If measurement timestamps are available in the device, we recommend including up to a 10-second
tail of measurements to the object sent to server.
If measurement timestamps are unavailable in the device, only include the instantaneous
measurements (no tail) to the object sent to server.
Bluetooth
The objective of Bluetooth scanning is to capture all the Eddystone/iBeacon Bluetooth beacons observable by
the device.
Limiting the number of beacons in the object sent to server in any way is highly undesirable.
Only include Eddystone and/or iBeacon beacons to the object sent to server.
Always include one of {MAC Address, EddystoneID, iBeaconID}. Prefer MAC Address.
About timestamps
Including measurement timestamps to the object sent to server is highly recommended.
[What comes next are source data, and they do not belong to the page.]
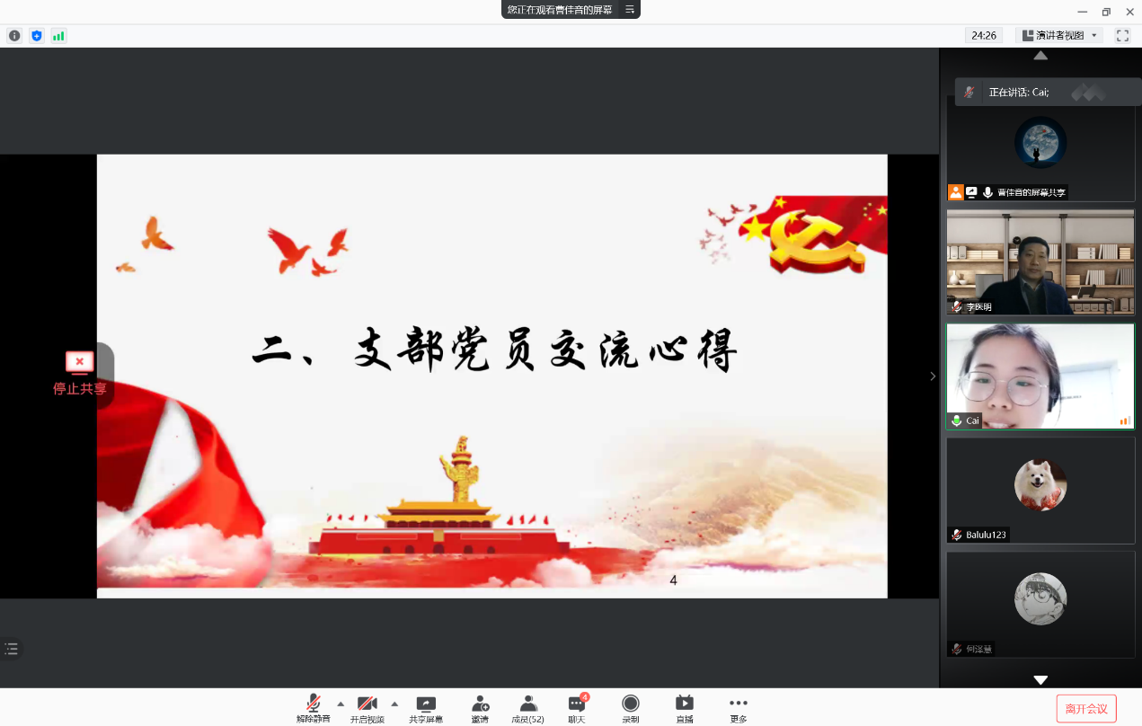 扬斗志激发党员延续精神血脉。在一百年的非凡奋斗历程中,一代又一代的中国共产党人顽强拼搏、不懈奋斗,构筑起了中国共产党人的精神谱系。传承红色基因,赓续共产党人的精神血脉、始终保持革命者大无畏的奋斗精神,是每一个共产党人神圣的使命与责任。党史学习教育动员是一次固本培元、精神滋养的学习动员会,支部党员心中深有感触,纷纷表达内心感悟与所得,支部内与支部间进行心得交流。阮航同志认为,作为学生党员,我们更应该学习党史,铭记历史,以先辈们的优良品德与高尚情操不断鞭策自身。何泽慧同志真发言,作为百强样板党支部的一员感到无比光荣,因此更要主动学习党史,不断提升学习能力,增强自身使命感,为党支部发展添砖加瓦。来自江西兴国的何远志同志更是谈到了家乡革命老区的英雄先辈们的可歌可泣的事迹,并以此为激励,更加努力学习,用所学专业知识报效国家。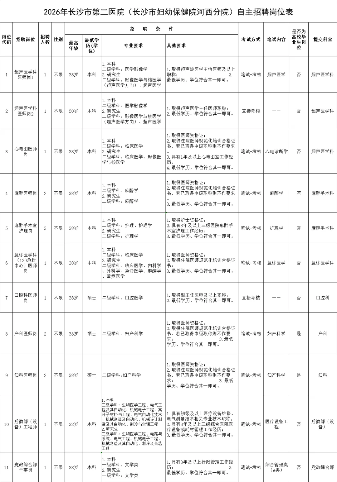 为满足长沙市第二医院(长沙市妇幼保健院河西分院)临床业务发展需要,经长沙市卫生健康委员会同意,长沙市第二医院(长沙市妇幼保健院河西分院)决定面向社会招聘劳务派遣工作人员16名。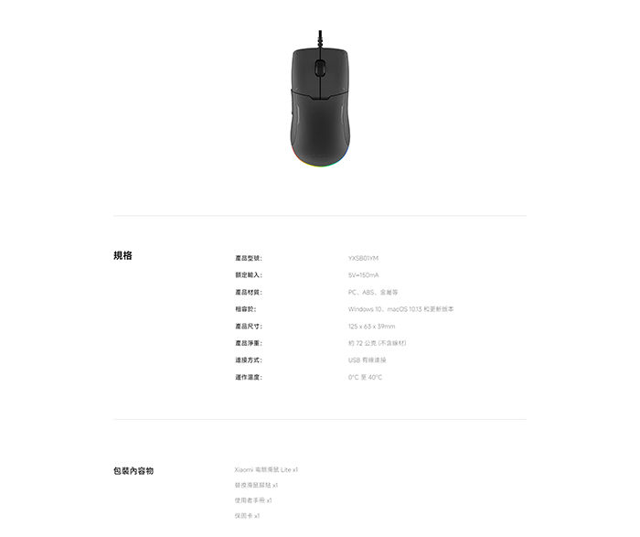 | 【內容物】 | Xiaomi 電競滑鼠 Lite x1 替換滑鼠腳貼 x1 使用者手冊 x1 保固卡 x1 |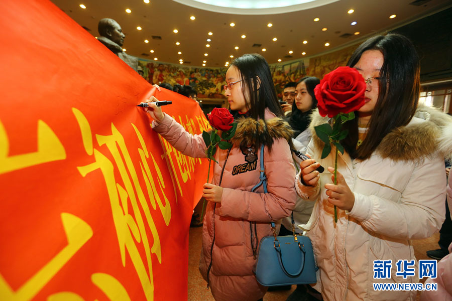 1月14日,眾多大學(xué)生參與活動(dòng),并在橫幅上簽名。新華網(wǎng)發(fā)(劉東岳 攝)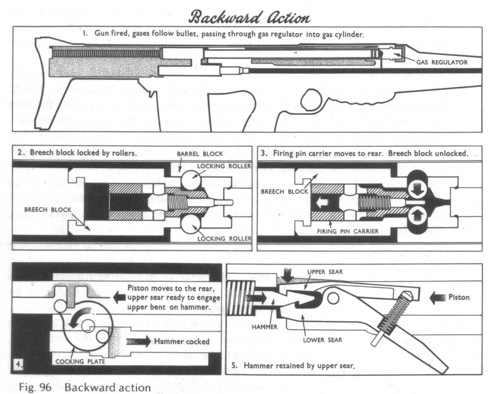 The gas system moved the firing pin carrier, which moved the outer sleeve. It looks like it was a very long stroke gas system.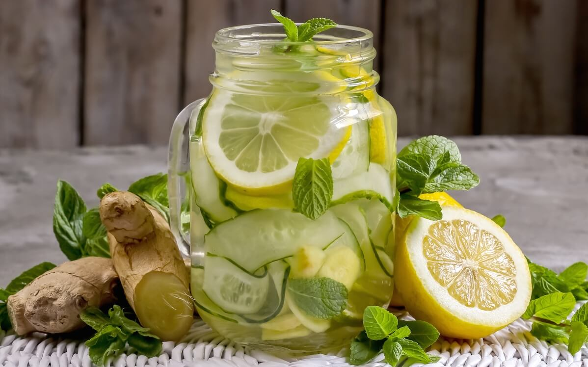 1. Огуречно-мятный лимонад с имбирем: Этот напиток великолепно утоляет жажду благодаря 96%-му содержанию воды в огурце и успокаивающим свойствам мяты. Имбирь улучшает кровообращение и помогает организму адаптироваться к жаре.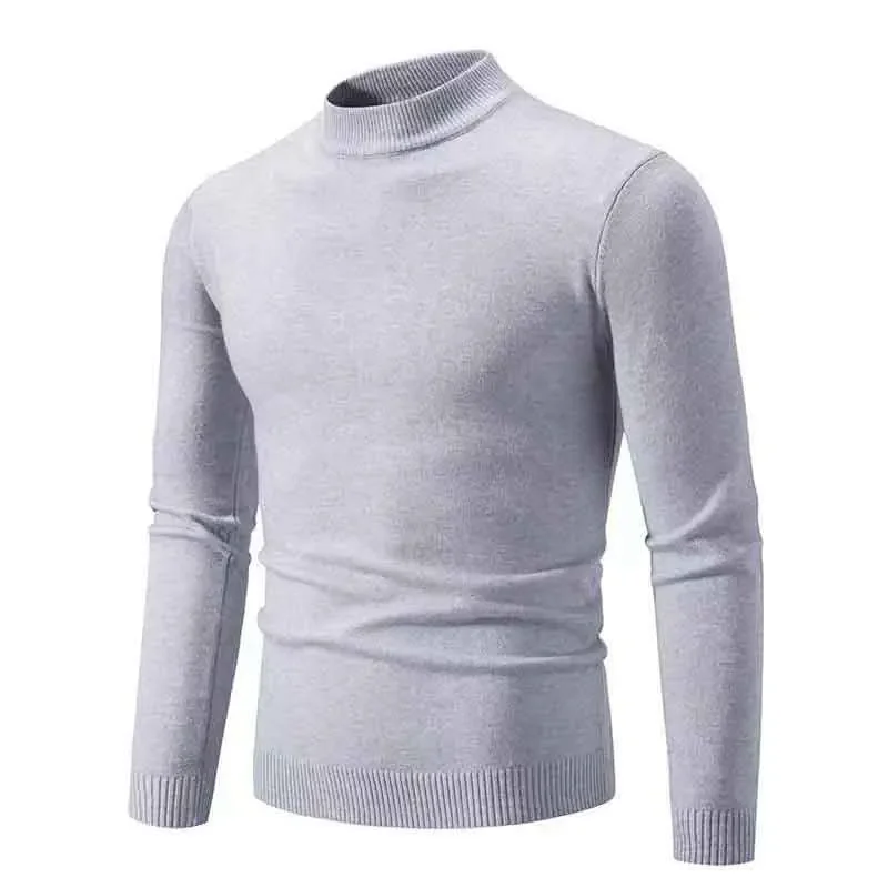 New Sweatwear Men's Half Neck Basic Solid Color Sweaters Round Neck Elastic Pullovers Warm Autumn Knitted Oversized Sweater Men

If measurement timestamps are available in the device, we recommend including up to a 10-second tail of
measurements to the object sent to server. In this case, make 500ms scans continuously.
If measurement timestamps are unavailable in the device, only include the instantaneous measurements
(no tail) to the object sent to server. For an instantaneous measurement make a single 3000ms scan.